The remnants of stilted distrust have given way to a new openness between them, one punctuated by languid kisses and running soft fingers through the other’s hair.
Now, when Cersei’s eyebrows knit together while revising a battle plan, Melisandre can place a gentle hand there to smooth them out. When Melisandre experiments with fire, Cersei is there to tell her (bluntly, with a hint of irritation) when she is breaking her focus and to ask her what more she needs.
They have formed a cohesive unit; their plans to stop the Dragon Queen and the Undead have reached their final stages. Melisandre is practicing what magic she can, and when they are not finding solace in each other for a few precious moments, they are reviewing and re-reviewing war tactics. The end is near. For some, if not all of them.
“We attack tomorrow,” Cersei pronounces. Resigned. Resolute.
Everything that had happened over the past year had been building up to this.
Cersei’s newborn son has been sent away with one of the only knights the two of them have agreed she can trust. If God is kind, the boy will be tucked away in the far southwest, on the coast of an unmapped island, cared for and defended.
Everything is in place. Except for one small item of discussion.
“Absolutely not.”
“I am not asking you to spare anyone else. Just the girl.”

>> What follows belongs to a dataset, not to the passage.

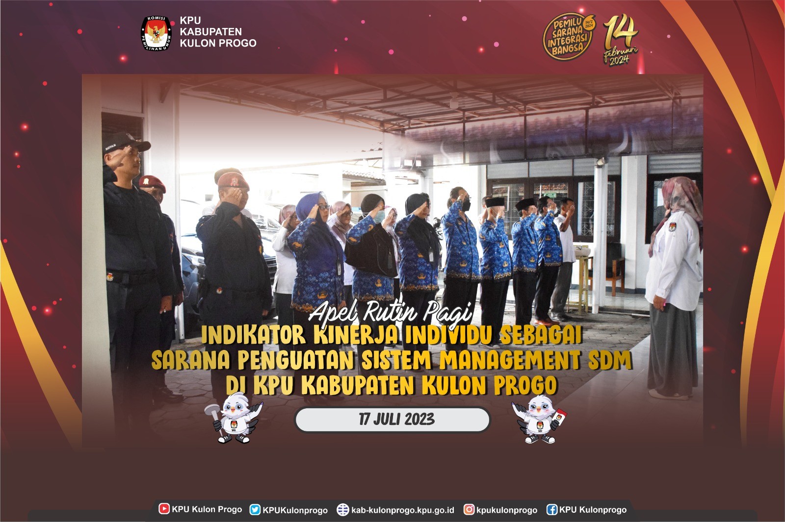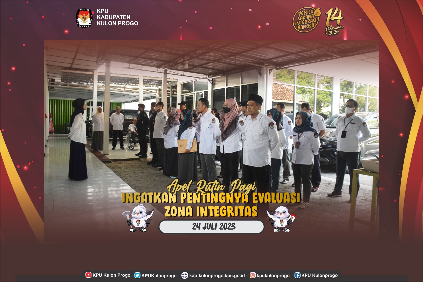 Kulon Progo, Senin 24 Juli 2023 untuk mengawali aktivitas kerja, seluruh jajajaran karyawan dan karyawati KPU Kabupaten Kulon Progo, melaksanakan kegiatan rutin apel Senin pagi sebagai bentuk pendisiplinan Kerja. Dalam apel Senin pagi kali ini diikuti oleh Ketua, Komisioner, Kasubag serta seluruh staff, dan PPNPN KPU Kabupaten Kulon Progo, dengan pembina Apel Ketua KPU Kabupaten Kulon Progo Ibah Muthiah. Dalam amanatnya, Ibah Muthiah kembali mengingatkan akan pentingnya Evaluasi Zona Integritas. Ketua KPU Kabupaten Kulon Progo mengharapkan agar Pembangunan Zona Integritas menuju Wilayah Bebas Korupsi dan Wilayah Birokrasi Bersih Melayani terus diupayakan oleh KPU Kabupaten Kulon Progo. Selain itu Ibah Muthiah mengharapkan evaluasi ZI yang di dalamnya mencakup 6 aspek yang meliputi, Managemen Perubahan, Penataan Tata Laksana, Penataan SDM, Penguatan Akuntabilitas Kerja, Penguatan Pengawasan dan Penguatan Kualitas Pelayanan, "hususnya, seperti survey kepuasan masyarakat, juga dilakukan kembali, paling lambat akhir minggu ini harus dilakukan lagi”. Ibah megingatkan setelah apel, akan dilanjutkan pencermatan kembali Vermin administrasi perbaikan Bakal Calon ANggota Legislatif DPRD Kabupaten Kulon Progo sampai Selasa 25 Juli 2023. Hasil Selasa, 25 Juli 2023 juga akan dilakukan Serabi Pemilu di Kapanewon Temon, dilanjutkan Pleno Progress Report dan Evaluasi RB ZI. Pada hari Rabu, 26 Juli 2023 Penguatan Kelembagaan, Kamis, 27 Juli 2023 Pemaparan Hasil Vermin Perbaikan ke Pleno dan di hari Jumat, 28 Juli 2023 klarifikasi hasil Vermin perbaikan serta rapat Mutarlih DPTB.” Jelas Ibah Muthiah selaku Ketua KPU Kabupaten Kulon Progo. (IR)

“Why should I spare Sansa? How could I justify that?” Cersei turns from the window she had been staring out of. The wind ruffles the top of her head and she looks graceful, poised.
(Beautiful.)
“We are not allowed to pay favorites in war, Melisandre.”
“She has been nothing but an agent of peace. Every single thing the Dragon Queen has done, she has been against. If we need anyone left alive on our side when this is over, it must be her.”
Cersei remains unconvinced.
“Her sole motive has been to protect her family and vanquish the Undead. Surely you can understand that.”
The barely-perceptible droop in Cersei’s shoulders indicates that she does.
“The world is not done with her yet. She simply wants to be left alone. She won’t disturb you if the North is safe. If you want to protect your child, sparing Sansa Stark will help do that.”
“Very well. I will spare her. Only. Her.”
“Promise me. For the love of this country—”
“I don’t love this country. I love you.” Her eyes drift wistfully out the window once more, mind temporarily lost in a dream of some other, happier, theoretical life. “I love my child. More than anything. More than my own life.” Cersei’s eyes shift back to the here and now, her gaze piercing, but almost as if in a show of bravado. She is posturing, trying to undo this show of vulnerability. And as Melisandre takes in her rigid back; clenched hands, with sharp, leonine nails digging into them; eyes fighting desperately to stay open instead of closing to indulge in some other, less ferocious emotion, she realizes that Cersei is afraid she’ll leave. Even now.
Extreme, non-pious emotions have never been something she wore well. But she cannot let this woman stand here and doubt her loyalty. She cannot let her think her trust and love have gone unrequited.
“I assumed I would never know what it meant to love something that wasn’t God. I never thought myself capable. You proved both of those things to be false. Thank you for that.”
The smile on Cersei’s face is sweet, tender, almost beatific in its loveliness.
When she turns toward the window again, her demeanor has changed into something almost unrecognizable. She looks oddly calm for someone about to end a war years in the making.
Melisandre takes a few steps and joins her, surveys the starless sky, feels the icy, uncomfortable breeze on her face.
And as Cersei quietly threads her hand through hers, Melisandre feels that strange sense of calmness wash over her, too.
For, whatever happened, they would face it together.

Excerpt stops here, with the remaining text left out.